Ultimately, the decision whether to dismiss a federal action because of parallel state-court litigation hinges on a careful balancing of the [relevant] factors ... with the balance heavily weighted in favor of the exercise of jurisdiction. R.R. St. , 656 F.3d at 983 (internal citation and quotation marks omitted). All of the factors here-except for the rule of law factor-weigh in favor of granting a stay or are neutral (in the case of the rem, convenience of the forum, and forum shopping factors). Given that the pending state court action addresses the same underlying allegations, staying the case promotes [w]ise judicial administration, giving regard to conservation of judicial resources and comprehensive disposition of litigation. Colorado River , 424 U.S. at 817, 96 S.Ct. 1236 (internal citation omitted; alteration in original). The Court thus grants Defendants motion to stay under Colorado River.

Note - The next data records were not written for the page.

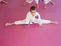 وضع الإنفراج الجانبي (side split) في لعبة الكاراتيه مثال على التبعيد الجانبي من عند الورك.
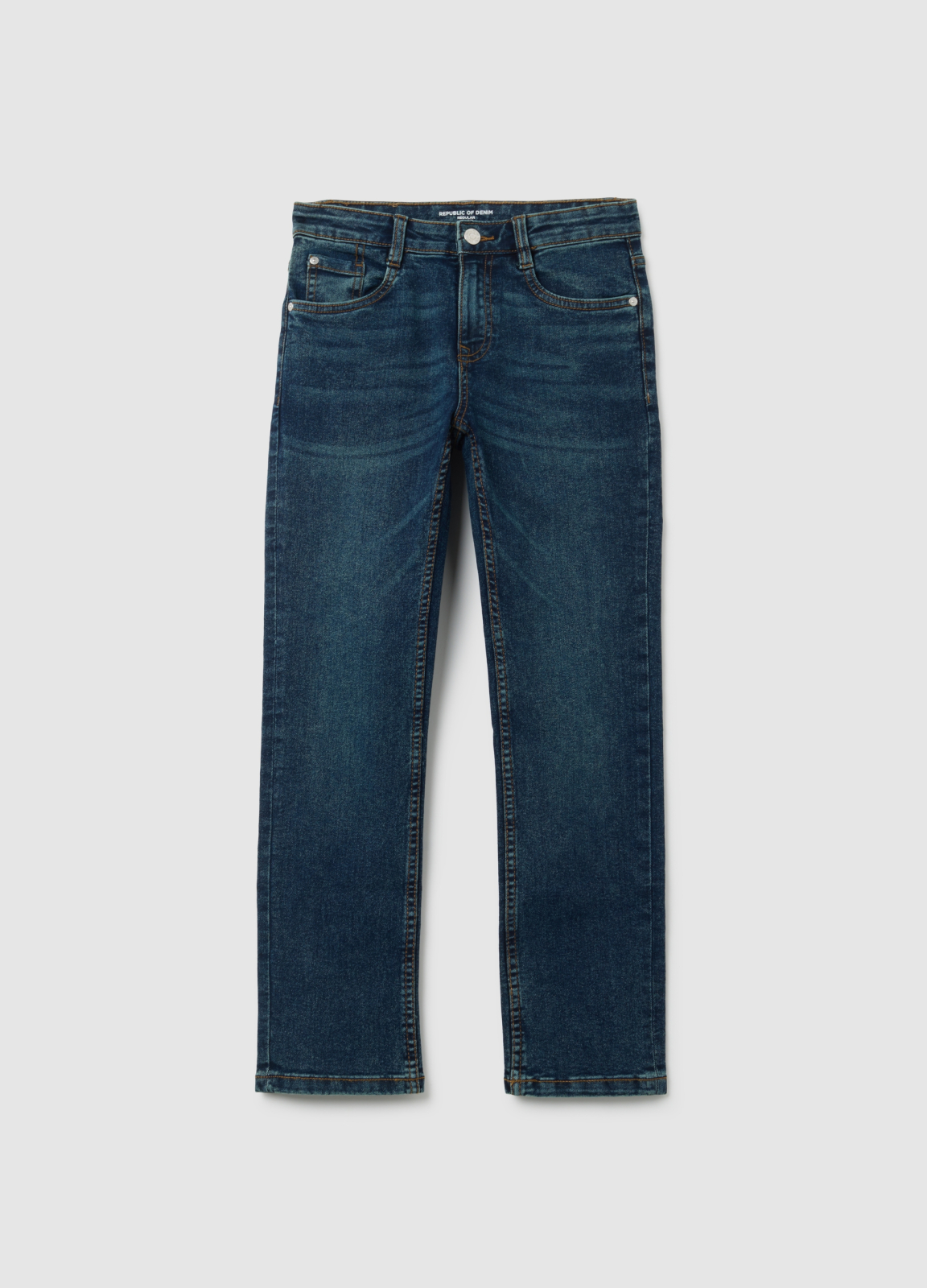 Tip Produs: Blugi albaștri din denim, croială regular fit, pentru băieți
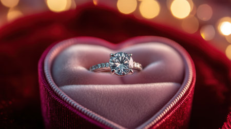 A stunning diamond ring displayed elegantly in a heart-shaped box, set against a soft, blurred bokeh background, perfect for romantic themes.

II. Motion to Dismiss the Lanham Act Claim

Because the Court grants Defendants motion to stay, it is unnecessary to reach his Rule 12(b)(6) motion to dismiss the Lanham Act claim.

CONCLUSION

For the reasons stated above, the Court GRANTS Defendants motion to stay and DENIES the motion to dismiss as moot.

Within thirty days after resolution of the state action, the parties shall file a joint status report, or if there are issues that must be resolved regarding the federal claims, Plaintiffs may move to lift the stay and proceed with the remaining issues.

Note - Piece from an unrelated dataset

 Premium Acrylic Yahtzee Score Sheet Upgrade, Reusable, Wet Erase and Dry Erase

This Order disposes of Docket No. 18.

IT IS SO ORDERED.

[D]istrict courts must stay, rather than dismiss, an action when they determine that they should defer to the state court proceedings under Colorado River. Coopers & Lybrand v. Sun-Diamond Growers of CA , 912 F.2d 1135, 1138 (9th Cir. 1990). This ensures that the federal forum will remain open if for some unexpected reason the state forum does turn out to be inadequate, conserve court resources, and avoid the risk of mak[ing] premature and speculative legal findings about the preclusive effect of various possible state judgments in choosing between a stay and a dismissal. Attwood v. Mendocino Coast Dist. Hosp. , 886 F.2d 241, 243, 245 (9th Cir. 1989) (internal citation and quotation marks omitted).

Record citations are to material in the Electronic Case File (ECF); pinpoint citations are to the ECF-generated page numbers at the top of the documents.

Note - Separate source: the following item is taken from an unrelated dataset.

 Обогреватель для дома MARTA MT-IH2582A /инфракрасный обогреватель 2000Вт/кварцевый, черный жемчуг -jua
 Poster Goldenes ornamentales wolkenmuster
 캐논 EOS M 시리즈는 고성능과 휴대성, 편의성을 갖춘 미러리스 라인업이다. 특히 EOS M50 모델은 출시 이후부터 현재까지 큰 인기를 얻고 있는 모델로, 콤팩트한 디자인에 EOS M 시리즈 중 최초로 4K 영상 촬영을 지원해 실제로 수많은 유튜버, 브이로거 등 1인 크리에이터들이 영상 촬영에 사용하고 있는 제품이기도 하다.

The first two factors are irrelevant to this case as there is no property at issue and both the federal and state forums are convenient.

Plaintiffs insistence at oral argument that the preclusive effect of the judgment would only matter if Defendant prevailed in state court misapprehends the issue. If Plaintiffs prevail before the state court, any judgment that Defendant did not have a right to the domains or trade secrets at issue would have a preclusive effect on at least certain elements of Plaintiffs claims here and any defenses Defendant might raise.

The Court GRANTS judicial notice of the fact that these jury fees were posted on April 5, 2018 because the fact is not disputed and is readily verifiable through a review of the state court register of actions. (Dkt. No. 19-13.)